Financial News
Yum! Brands, Inc. Prices $2.25 Billion of Securitized Notes
Yum! Brands, Inc. (NYSE: YUM), the parent company of KFC, Pizza Hut, Taco Bell, and The Habit Burger Grill, today announced that it and certain affiliates have entered into a purchase agreement (the “Purchase Agreement”) under which a special purpose subsidiary of Taco Bell Corp. (“TBC”) named Taco Bell Funding, LLC (the “Issuer”) has agreed to issue and sell $900 million of the Issuer’s Series 2021-1 1.946% Fixed Rate Senior Secured Notes, Class A-2-I (the “Series 2021-1 Class A-2-I Notes”), $600 million of its Series 2021-1 2.294% Fixed Rate Senior Secured Notes, Class A-2-II (the “Series 2021-1 Class A-2-II Notes”) and $750 million of the Issuer’s Series 2021-1 2.542% Fixed Rate Senior Secured Notes, Class A-2-III (the “Series 2021-1 Class A-2-III Notes” and, together with the Series 2021-1 Class A-2-I Notes and the Series 2021-1 Class A-2-II Notes, the “Notes”). Interest will be payable on the Notes quarterly. The legal final maturity date of the Notes will be in August 2051, but the anticipated repayment dates of the Series 2021-1 Class A-2-I Notes, the Series 2021-1 Class A-2-II Notes and the Series 2021-1 Class A-2-III Notes will be in February 2027, February 2029 and August 2031, respectively. The aggregate principal amount of Notes to be issued in the offering was increased to $2.25 billion from the previously announced $2.0 billion.

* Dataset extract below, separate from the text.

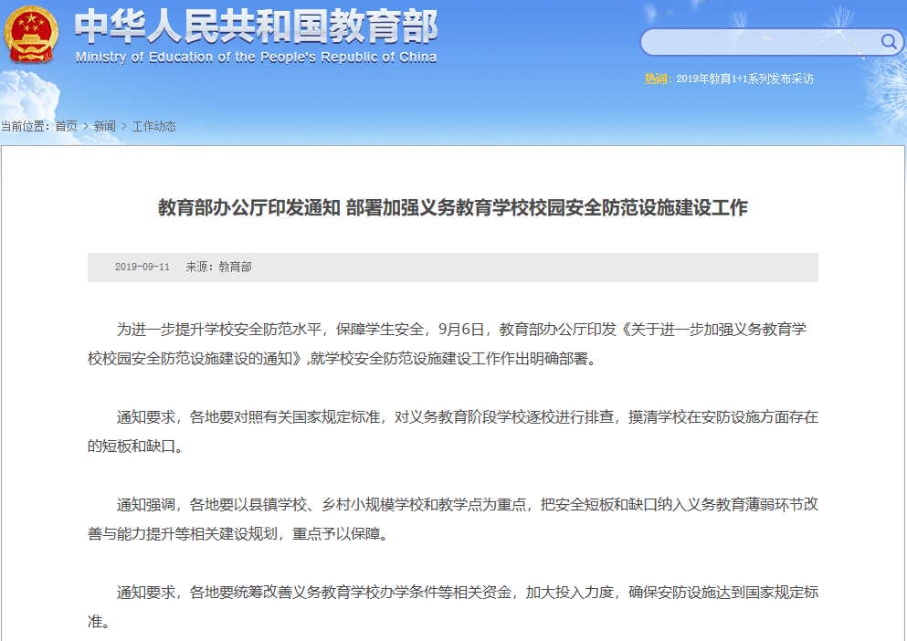 2019年9月2日,国务院教育督导委员会办公室发出《关于进一步加强中小学(幼儿园)安全工作的紧急通知》!各地教育部门要严格按照学校安全防范工作规范要求,为中小学和幼儿园配齐安保人员及必要的安全防护装备器械,严格落实门卫值守、内部巡查等制度,严防无关人员和危险物品进入校园。门卫不能成为摆设,不合格、不发挥作用的要坚决清理、更换。要大力推进一键式紧急报警、视频监控系统与属地公安机关联网工作,确保实现一键报警,及时联动处置。

The Notes will be issued by the Issuer in a privately placed securitization transaction pursuant to the Purchase Agreement. The Issuer owns substantially all of the U.S. franchising assets of Taco Bell and will use cash flows generated from these assets to make interest and principal payments on the Notes.
The Notes are the third series of notes issued by the Issuer. The Issuer previously issued the Series 2016-1 Fixed Rate Senior Secured Notes, Class A-2-I (the “Series 2016-1 Class A-2-I Notes”), the Series 2016-1 Fixed Rate Senior Secured Notes, Class A-2-II (the “Series 2016-1 Class A-2-II Notes”), the Series 2016-1 Fixed Rate Senior Secured Notes, Class A-2-III (the “Series 2016-1 Class A-2-III Notes”), the Series 2018-1 Fixed Rate Senior Secured Notes, Class A-2-I (the “Series 2018-1 Class A-2-I Notes”) and the Series 2018-1 Fixed Rate Senior Secured Notes, Class A-2-II (the “Series 2018-1 Class A-2-II Notes”).

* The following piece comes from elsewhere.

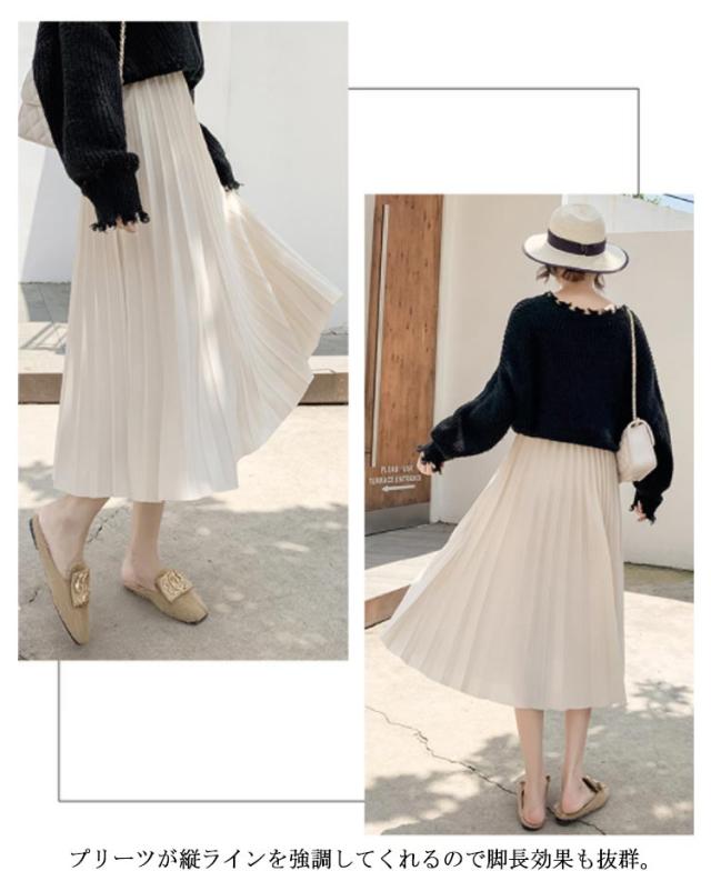 スカート プリーツスカート ロング 春 秋 冬 ミモレ丈 ひざ丈 レディース ウエストゴム 無地 ブラック ホワイト 黒 白 ベージュ オフィス 結婚式 フォーマル きれいめ 大人 可愛い 秋冬 送料無料

The Issuer expects to use the proceeds of the Notes for the repayment of the Series 2016-1 Class A-2-II Notes and the Series 2018-1 Class A-2-I Notes in full. The remaining net proceeds will be distributed to TBC to pay certain transaction-related expenses, for general corporate purposes and may also be used to return capital to shareholders of Yum! Brands, Inc.
The closing of the sale of the Notes is expected on August 19, 2021, subject to the satisfaction of various closing conditions.
The Notes are being sold to qualified institutional buyers in the United States in accordance with Rule 144A under the Securities Act of 1933, as amended (the “Securities Act”), and to persons outside the United States in accordance with Regulation S under the Securities Act. The Notes have not been, and will not be, registered under the Securities Act, any state or other jurisdictions securities laws and may not be offered or sold in the United States absent registration or an applicable exemption from the registration requirements of the Securities Act and applicable state or other jurisdiction’s securities laws.
This press release does not constitute an offer to sell or the solicitation of an offer to buy the Notes or any other security. Any offers of the Notes will be made only by means of a private offering circular.